Um dos assuntos que sempre me chamou a atenção em seus filmes é a iminência do abuso sexual ou do assédio. Seja como assunto principal do filme como em Florentina Hubaldo, CTE, como ponto fundador de uma personagem – Nua Sob o Luar – ou inserida no cotidiano, caso de Evolução de uma Família Filipina, em que o tema do assédio aparece até nas radionovelas que as personagens escutam no filme. Isso é um interesse seu ou realmente representa um desafio diário para a mulher filipina?

É um desafio diário. Nossa sociedade é deveras machista e sexista, o que, na verdade, não deixa de ser um traço de quase todas as sociedades e cultura. O homem ainda é um bárbaro.

Como você reage a uma crítica bastante comum em toda sua carreira: a de que, apesar de seus filmes falarem do cotidiano do povo filipino, ele mesmo não se sente encorajado a assistir devido à duração dos filmes?

Eu não poderia estar menos interessado se meus trabalhos são “assistíveis” ou não pois tenho a convicção de que uma estética verdadeira sempre vence no final. Sou fiel, e também teimoso, com minha estética. É uma responsabilidade, podemos chamá-la de minha posição moral como artista e trabalhador cultural. O grande cinema deve desenvolver um público à altura.
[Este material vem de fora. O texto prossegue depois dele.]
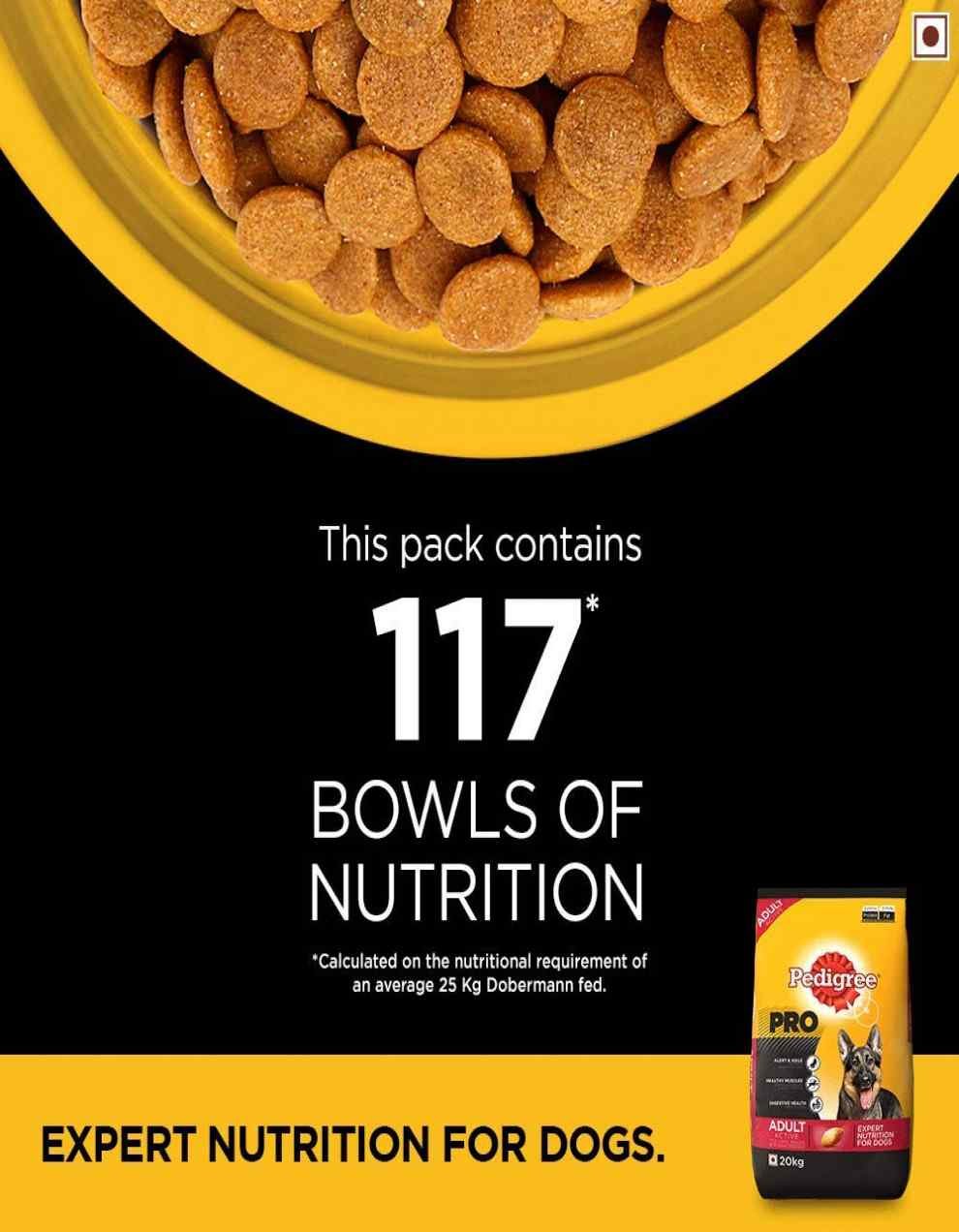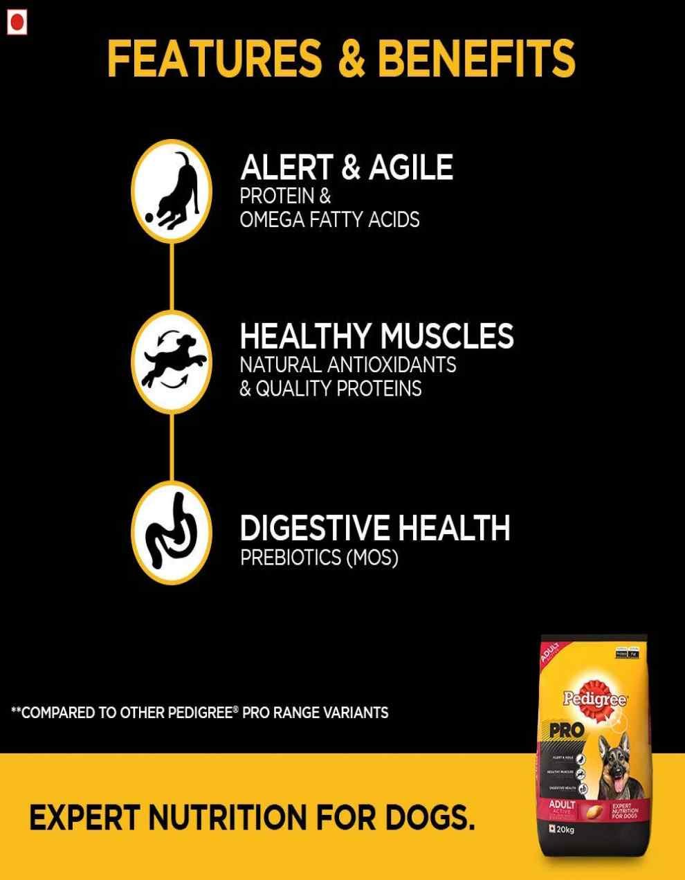 Pedigree PRO Expert Nutrition Active Adult Large Breed Dog (18 Months Onwards) Dry Dog Food 20 Kg Pack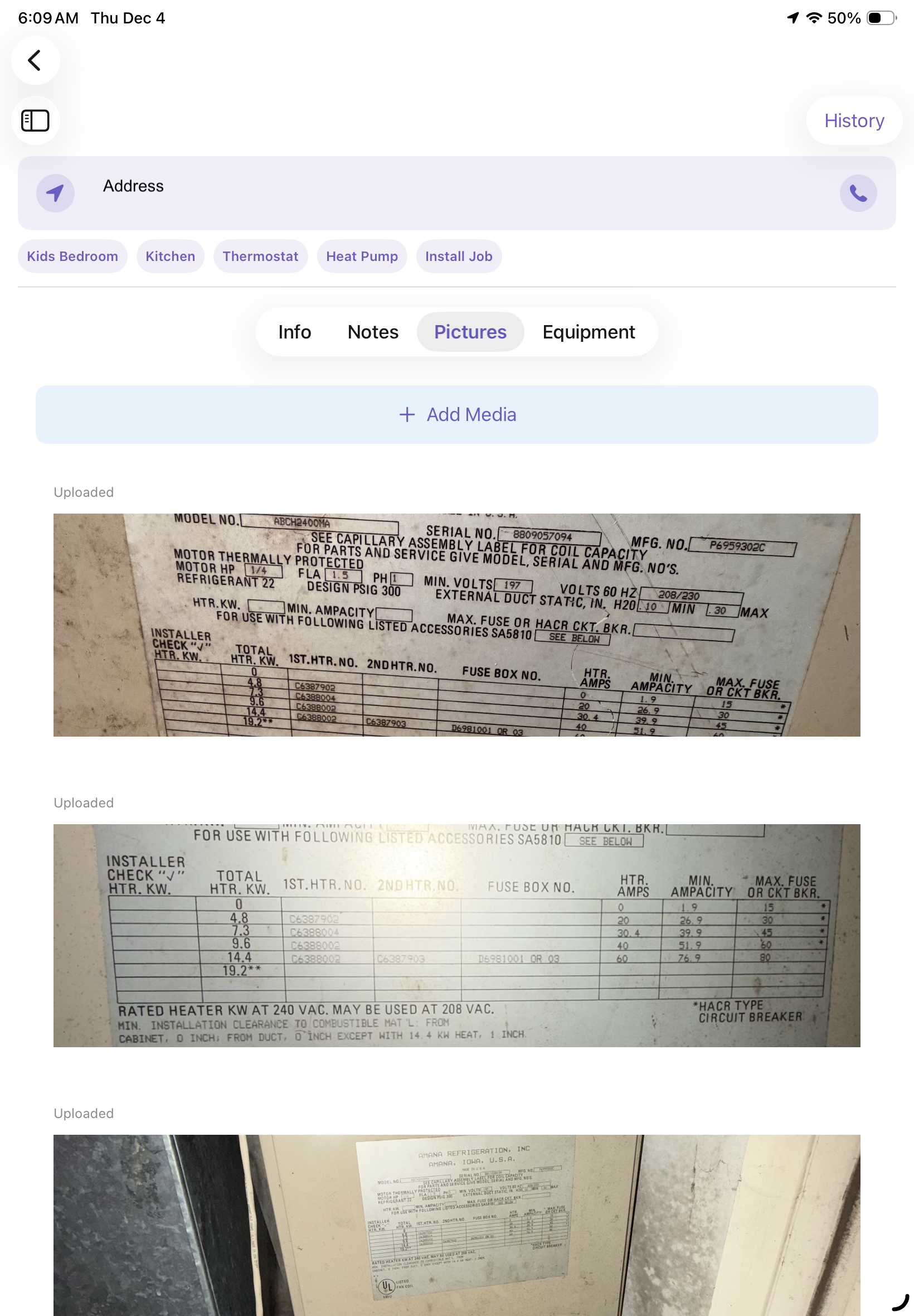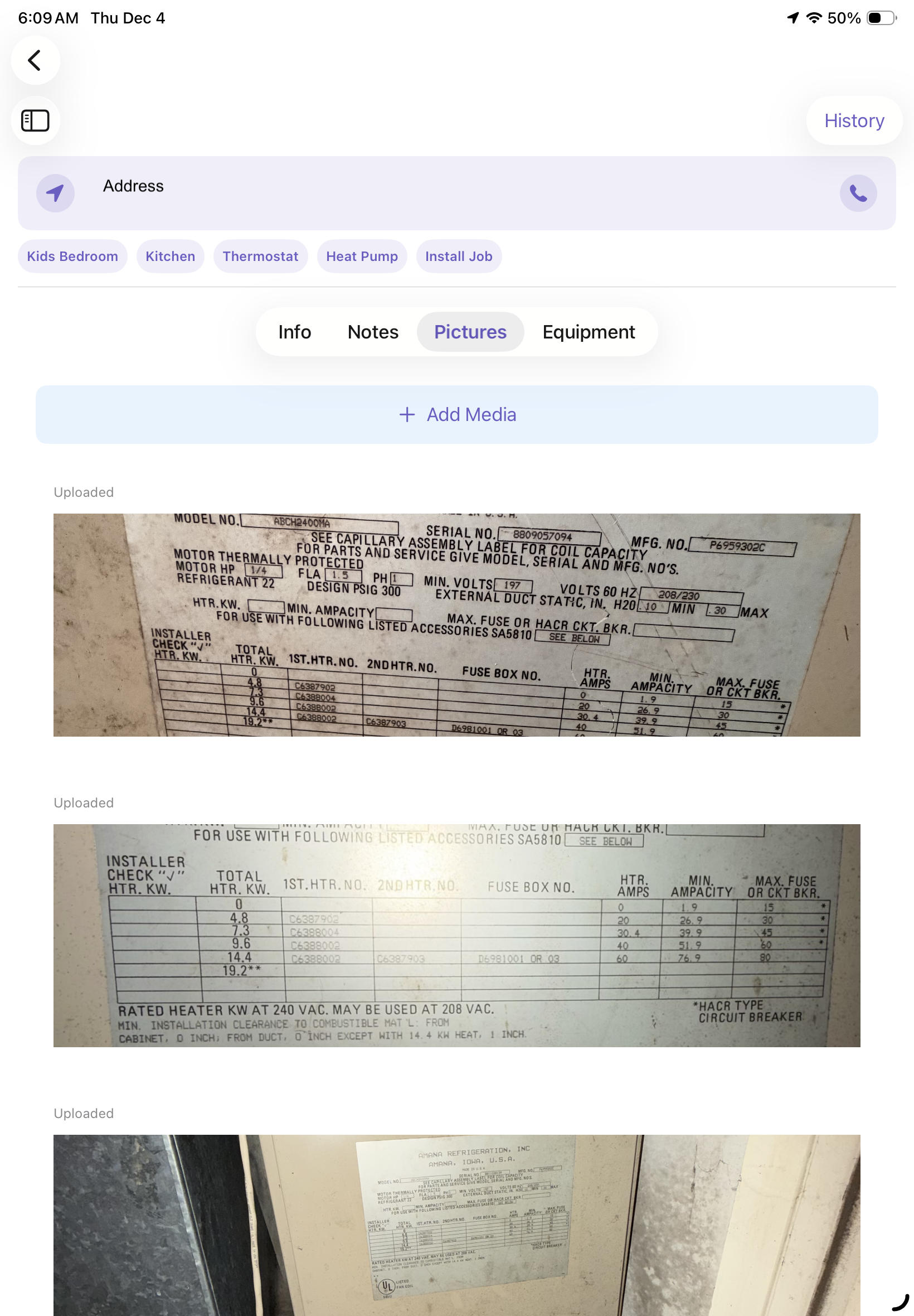 tap over to the pictures page and add any pictures of problems and any work that was completed.

Uma das sequências mais belas de seus filmes é a morte de Kadyo em Evolução, que começa com a facada na multidão durante os protestos e culmina com seu corpo empilhado junto a cadáveres não-identificados. Como você se relaciona com os atores? Que tipo de entrega é necessária da parte deles para a composição da dramaturgia que marca seus filmes?

Eles entendem o meu processo – ou talvez apenas acreditem nele. Falo do plano-sequência, do take de longa duração, da investigação do homem. Os vejo como personagens que criei e trabalhamos de forma a entender sua condição e seu entorno numa pegada mais orgânica e fluida. É um processo simples no qual o ponto-chave é sempre atingir a verdade do personagem, a verdade da cena, a verdade da narrativa.

Partindo do fato que seu primeiro longa, Serafin Geronimo: Ang kriminal ng Baryo Concepcion (1998), é vagamente baseado em Crime e Castigo, te pergunto: qual a influência de Dostoiévski na sua carreira?

A luta da culpada alma humana, além da forte investigação psicológica nos livros de Dostoiévski chamaram minha atenção. Ele apresenta o ser humano em sofrimento como algo intrínseco à própria existência. E há sempre a busca pela redenção, além da batalha entre o Bem e o Mal.

Como você tem conseguido financiar seus filmes sendo um artista que não pertence à chamada indústria comercial de cinema nas Filipinas?

Tenho o apoio algumas vezes do Hubert Bals Fund do Festival de Roterdã. Os amigos também ajudam. Sou um cineasta pobre e de maneira alguma estou romantizando isso, pois faço filmes porque quero, não por obrigação. Me adapto no processo ao que tenho em mãos. Não posso reclamar. Dias antes da nossa entrevista alguém me perguntou num debate após uma exibição: “Como você distribui esses filmes longos?”. Eu disse: “Não faço filmes para o mercado. Faço filmes para o cinema”.